L'attore cubano Fernando Hechavarría, una delle figure più riconosciute del teatro, della televisione e del cinema dell'isola, ha espresso la sua preoccupazione per il deterioramento della società cubana e ha assicurato che il paese con cui ha sognato per decenni «si sta sbiadendo».
Le dichiarazioni sono state rilasciate durante un'intervista concessa al programma Todos Hablan, di CubamasTV, pubblicata il 24 luglio scorso e registrata nello spazio privato Salsa Río, lungo il fiume Almendares, all'Avana.
«Sognavo una Cuba molto più armoniosa, una Cuba più bella, una Cuba più solidale. Quella Cuba con cui sognavo si sta sfumando», ha affermato l'attore, di 71 anni.
Lontano dall'attribuire questa realtà unicamente a fattori esterni, Hechavarría ha fatto appello anche alla responsabilità individuale.
«Lo ripeto, è colpa anche di noi stessi. Non mi metto nella posizione del cecchino, ma penso che sia importante prestare attenzione a questo e farlo partendo dall'individualità di ciascuno», ha sostenuto.
«I tecnocrati ci fanno molto male»
Durante la conversazione, l'artista ha messo in discussione il modo in cui, a suo avviso, si gestisce la cultura a Cuba e ha criticato il fatto che molte decisioni siano prese da persone lontane dalla creazione artistica.
«Credo che i tecnocrati ci facciano molto male, molto male. È necessario che a dirigere le arti ci sia gente che conosca le arti», ha affermato.
Ha espresso anche la sua preoccupazione per la qualità della programmazione televisiva.

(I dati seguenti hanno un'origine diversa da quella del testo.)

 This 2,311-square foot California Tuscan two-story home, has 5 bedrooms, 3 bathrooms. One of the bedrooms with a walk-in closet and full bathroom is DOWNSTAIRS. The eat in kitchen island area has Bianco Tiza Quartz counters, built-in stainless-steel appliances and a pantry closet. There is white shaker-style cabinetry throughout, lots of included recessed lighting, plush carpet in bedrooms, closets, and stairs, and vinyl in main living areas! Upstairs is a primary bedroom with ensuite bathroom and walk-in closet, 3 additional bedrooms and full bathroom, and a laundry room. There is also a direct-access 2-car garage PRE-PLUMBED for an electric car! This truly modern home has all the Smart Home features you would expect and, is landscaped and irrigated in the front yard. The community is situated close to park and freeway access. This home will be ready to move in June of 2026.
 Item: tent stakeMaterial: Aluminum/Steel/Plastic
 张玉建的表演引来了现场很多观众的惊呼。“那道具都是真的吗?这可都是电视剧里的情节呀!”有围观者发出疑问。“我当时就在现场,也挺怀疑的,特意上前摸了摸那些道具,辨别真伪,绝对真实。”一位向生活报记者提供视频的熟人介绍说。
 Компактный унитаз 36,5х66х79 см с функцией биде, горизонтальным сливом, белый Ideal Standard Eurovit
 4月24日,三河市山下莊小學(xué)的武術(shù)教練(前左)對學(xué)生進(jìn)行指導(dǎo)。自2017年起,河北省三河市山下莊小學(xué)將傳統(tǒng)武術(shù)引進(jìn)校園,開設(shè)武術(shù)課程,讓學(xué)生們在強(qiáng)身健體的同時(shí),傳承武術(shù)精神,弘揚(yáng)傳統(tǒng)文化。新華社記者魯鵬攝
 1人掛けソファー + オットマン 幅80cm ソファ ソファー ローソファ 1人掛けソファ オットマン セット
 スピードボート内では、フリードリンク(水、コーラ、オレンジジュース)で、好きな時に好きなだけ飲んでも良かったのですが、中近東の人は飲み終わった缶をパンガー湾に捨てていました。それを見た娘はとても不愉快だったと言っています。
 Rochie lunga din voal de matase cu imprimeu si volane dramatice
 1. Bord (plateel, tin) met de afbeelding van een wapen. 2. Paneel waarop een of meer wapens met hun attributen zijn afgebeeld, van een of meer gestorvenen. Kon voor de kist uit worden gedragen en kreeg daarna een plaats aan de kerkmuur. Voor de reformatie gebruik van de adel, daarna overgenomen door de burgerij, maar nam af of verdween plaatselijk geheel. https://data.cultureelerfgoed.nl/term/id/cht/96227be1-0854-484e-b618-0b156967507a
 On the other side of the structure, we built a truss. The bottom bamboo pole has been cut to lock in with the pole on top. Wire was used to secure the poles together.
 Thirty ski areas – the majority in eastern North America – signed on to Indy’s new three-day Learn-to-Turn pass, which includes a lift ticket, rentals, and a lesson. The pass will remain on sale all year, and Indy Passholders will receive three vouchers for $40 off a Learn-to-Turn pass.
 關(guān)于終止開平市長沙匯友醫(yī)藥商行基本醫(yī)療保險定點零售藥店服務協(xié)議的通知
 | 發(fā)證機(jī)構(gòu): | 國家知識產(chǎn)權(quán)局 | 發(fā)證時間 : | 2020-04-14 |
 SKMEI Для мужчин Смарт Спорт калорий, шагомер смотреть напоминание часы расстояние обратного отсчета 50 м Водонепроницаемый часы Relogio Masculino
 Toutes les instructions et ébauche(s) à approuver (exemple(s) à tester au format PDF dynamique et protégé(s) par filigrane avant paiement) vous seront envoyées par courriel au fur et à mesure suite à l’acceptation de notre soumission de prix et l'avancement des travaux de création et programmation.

«Credo che ora non ci preoccupi la qualità di ciò che esce. Ciò che ci preoccupa è il tempo di visualizzazione. Da una scrivania con numeri non puoi gestire quella situazione», ha sottolineato.
Hechavarría ha lamentato inoltre che gli artisti siano poco consultati al momento di definire le politiche culturali, nonostante il loro contatto costante con il pubblico.
«A volte mi preoccupa un po' che non si tenga conto di noi artisti nel senso di cercare le nostre opinioni», ha commentato.
«L'arte deve dire le verità»
L'attore ha anche riflettuto sul ruolo dell'arte nella società e ha sostenuto che la sua funzione va oltre l'intrattenimento.
«L'arte deve dire le verità che ha attorno. Piaccia a chi piace e faccia male a chi fa male», ha affermato.
Sebbene consideri che l'arte di per sé non trasformi la realtà, la vede comunque come un motore per provocare cambiamenti.
«L'arte non cambia la realtà. Ora, per me ha un elemento fondamentale ed è che ti fa pensare, e questo è il primo passo del cambiamento», ha spiegato.
Durante l'intervista ha anche descritto le difficoltà che attualmente affronta il settore culturale nell'isola. Ha ricordato spettacoli teatrali interrotti a causa dei blackout e rappresentazioni che hanno continuato ad essere illuminate unicamente con la luce di due telefoni cellulari, una scena che riflette le limitazioni con cui oggi lavorano molte istituzioni culturali cubane.
Una carriera di oltre cinque decenni
Nato a Holguín e laureato alla Scuola Nazionale di Arte nel 1976, Fernando Hechavarría ha sviluppato una carriera di oltre mezzo secolo nel teatro, in televisione e nel cinema.
Tra le sue interpretazioni più memorabili figura Nacho Capitán, personaggio della telenovela Tierra Brava (1997), che egli stesso definì come il grande punto di svolta della sua carriera.
A gennaio di quest'anno è stato insignito del Premio Nazionale di Teatro 2026, il massimo riconoscimento delle arti sceniche a Cuba, in omaggio a una carriera caratterizzata dal impegno con la recitazione.
Al essere interrogato su come vorrebbe essere ricordato, ha risposto con una frase che riassume lo spirito dell'intervista:
«Mi piacerebbe che le persone pensassero che sono stato qualcuno coerente con ciò in cui ho creduto nella vita; nell'arte, nella famiglia, nella paternità, nella politica... in tutto».